TASK DETAILS: Word for word, copy the listing below and leave out its images.

EXERCISE DATA:
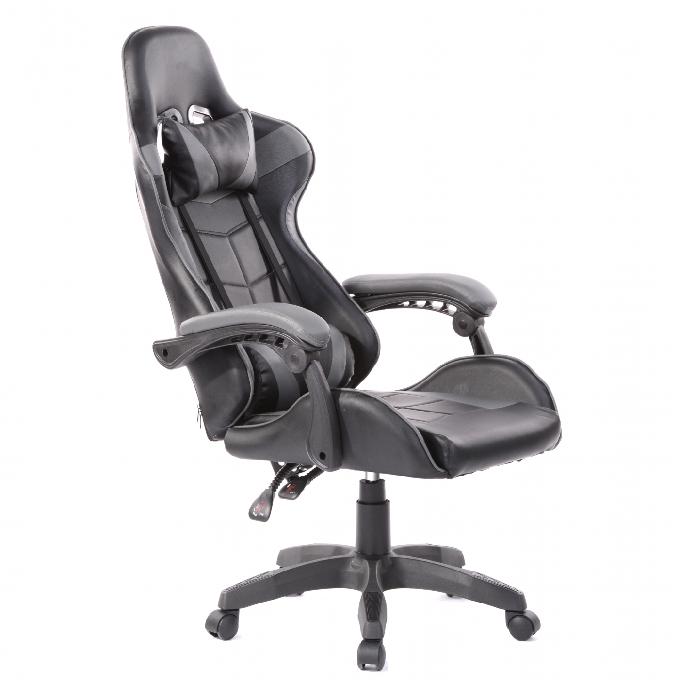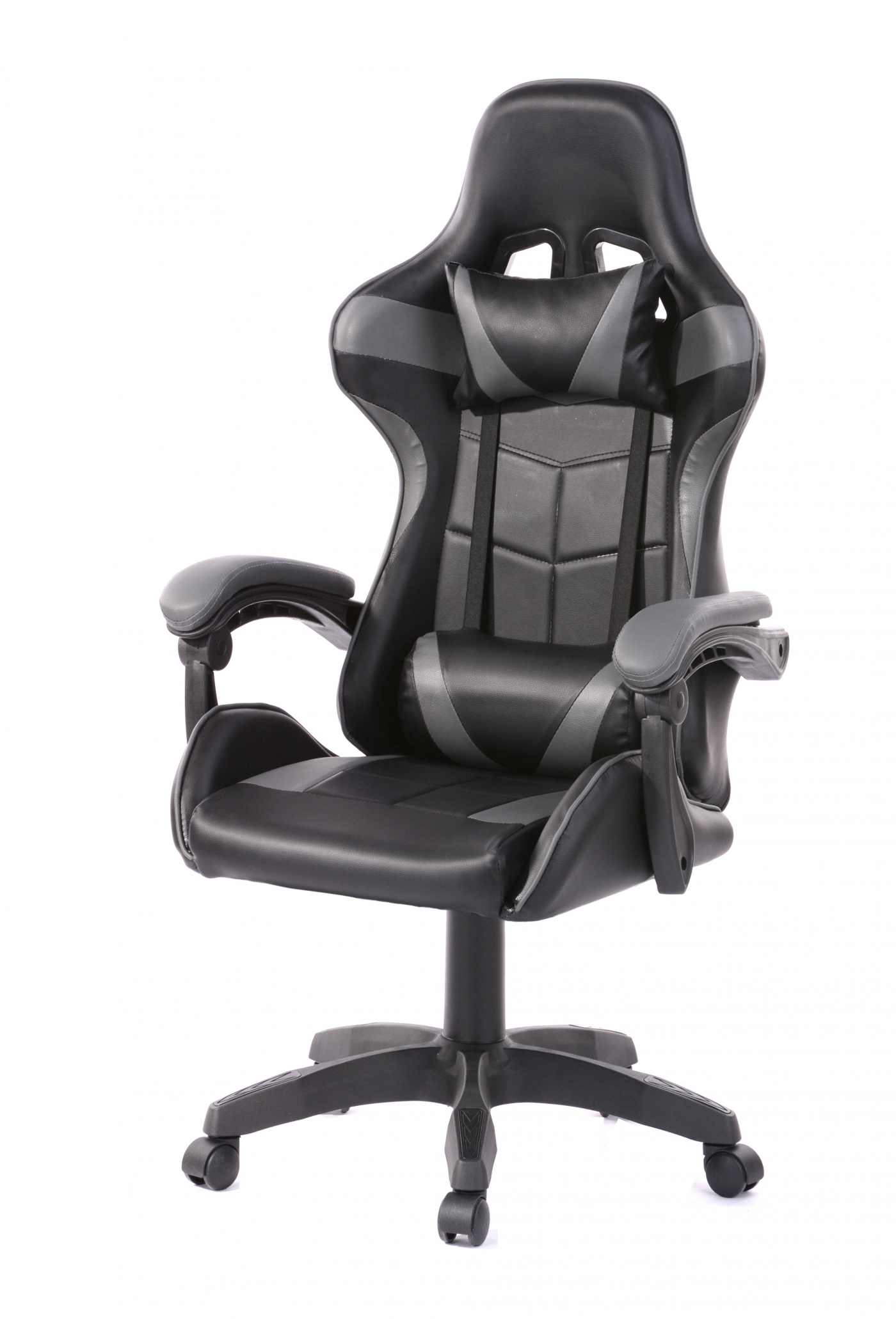 Deze luxe stoel combineert een sportief race-geïnspireerd ontwerp met optimaal zitcomfort. De zwart-grijze PU kunstlederen bekleding is dik gestikt, eenvoudig te reinigen en voorzien van extra padding op armleuningen, zitting en rugleuning. Dankzij het ergonomisch ontwerp met lendenkussen en neksteun kunt u urenlang werken, studeren of gamen in de juiste houding.
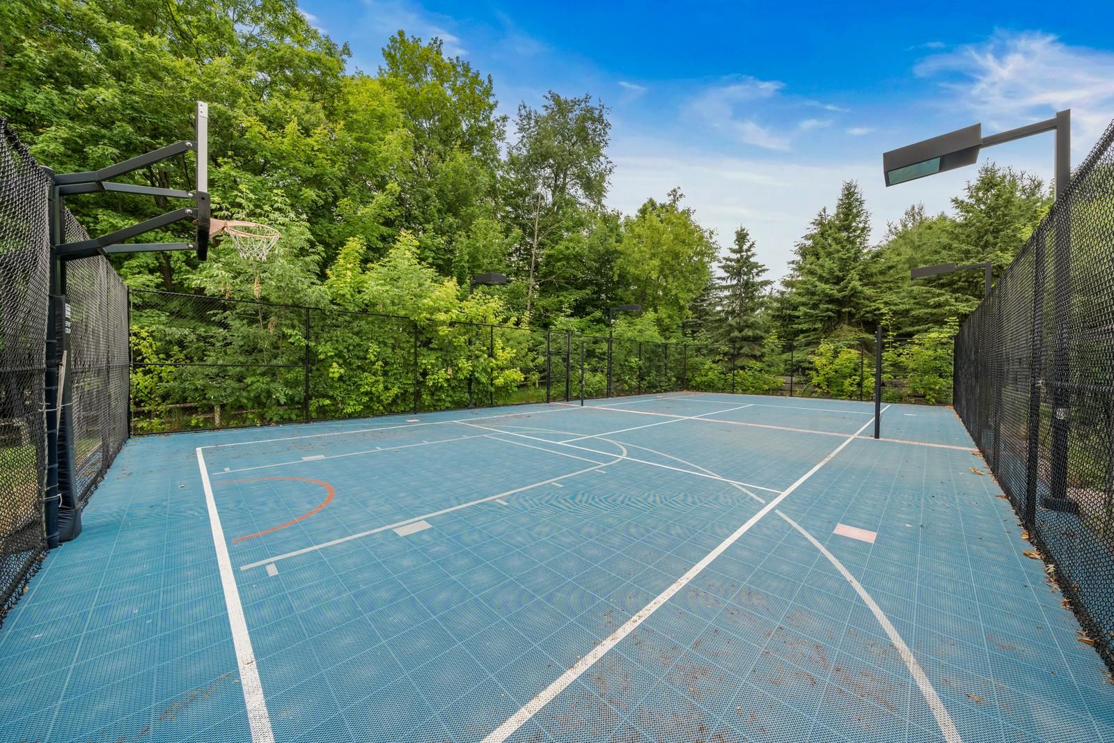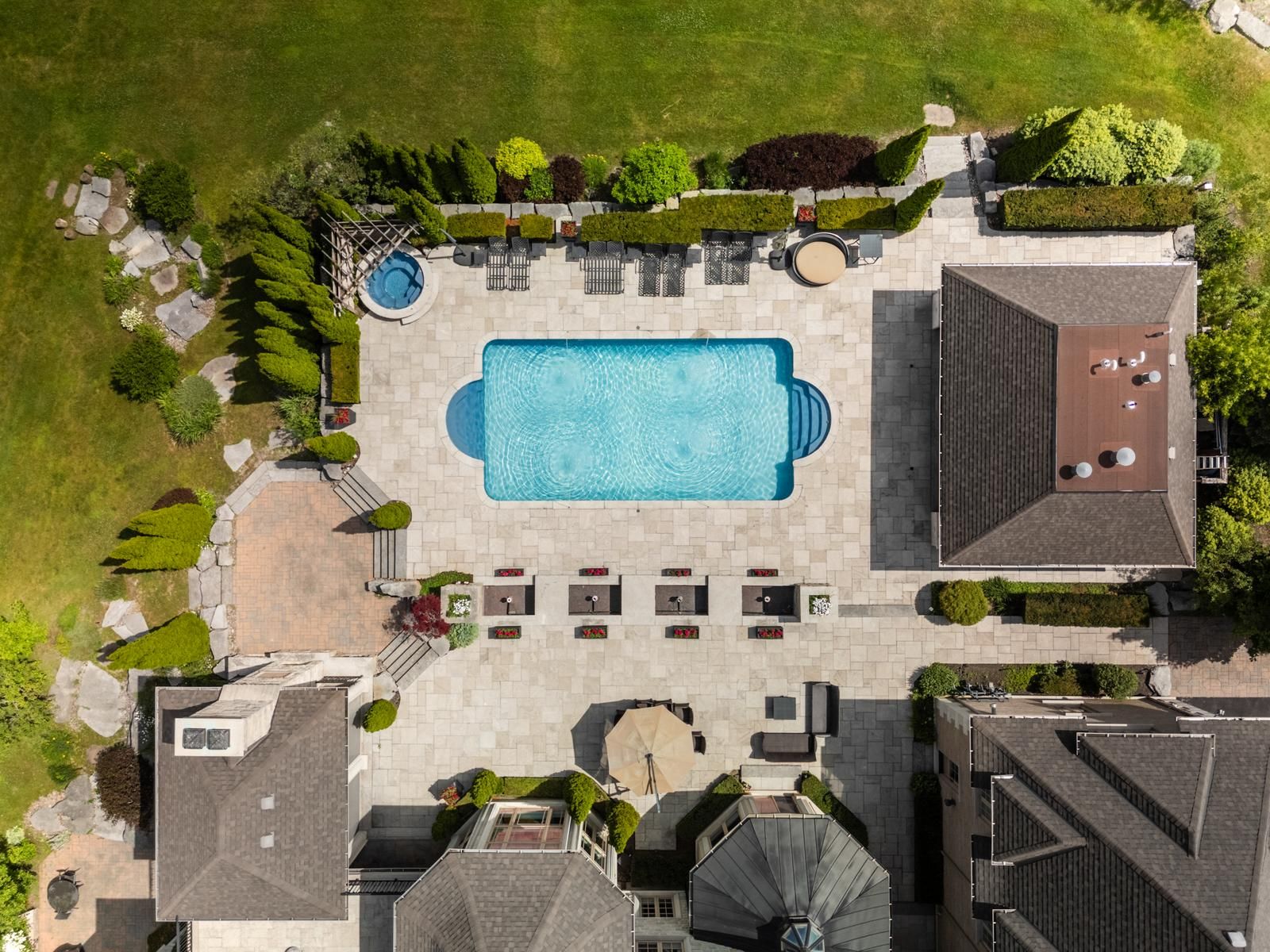 • Outdoor areas include a swimming pool, cabana, and sports court.
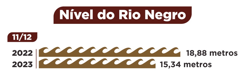 Mesmo com cheia, Rio Negro está três metros abaixo do mesmo período de 2022
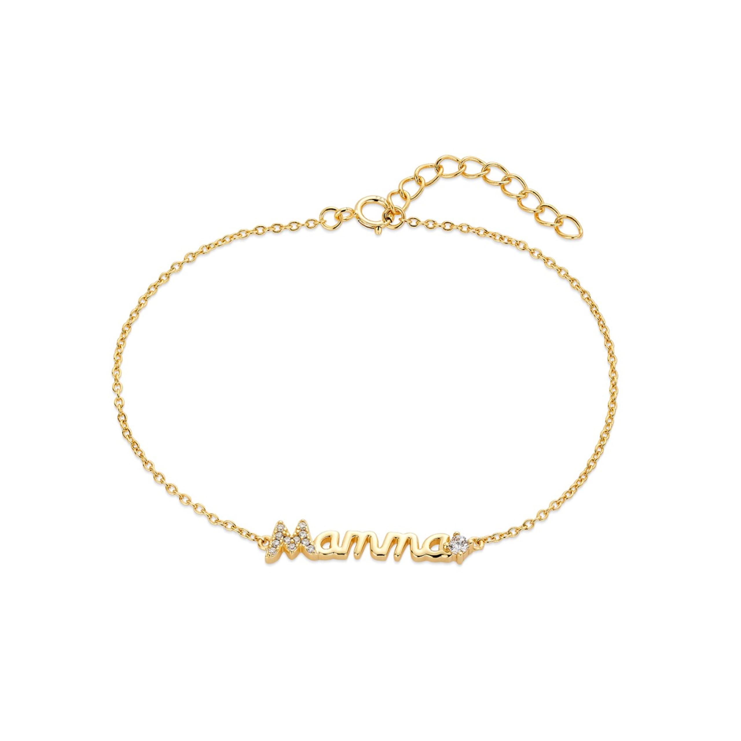 Dette armbåndet er den perfekte gaven til mamma. Armbåndet er laget i forgylt sølv med anheng som står MAMMA og pyntet med glitrende stener. Et utrolig vakkert armbånd som hun kommer til å elske og sette ekstra pris på.

COMPLETED EXERCISE:
 Deze luxe stoel combineert een sportief race-geïnspireerd ontwerp met optimaal zitcomfort. De zwart-grijze PU kunstlederen bekleding is dik gestikt, eenvoudig te reinigen en voorzien van extra padding op armleuningen, zitting en rugleuning. Dankzij het ergonomisch ontwerp met lendenkussen en neksteun kunt u urenlang werken, studeren of gamen in de juiste houding.
 • Outdoor areas include a swimming pool, cabana, and sports court.
 Mesmo com cheia, Rio Negro está três metros abaixo do mesmo período de 2022
 Dette armbåndet er den perfekte gaven til mamma. Armbåndet er laget i forgylt sølv med anheng som står MAMMA og pyntet med glitrende stener. Et utrolig vakkert armbånd som hun kommer til å elske og sette ekstra pris på.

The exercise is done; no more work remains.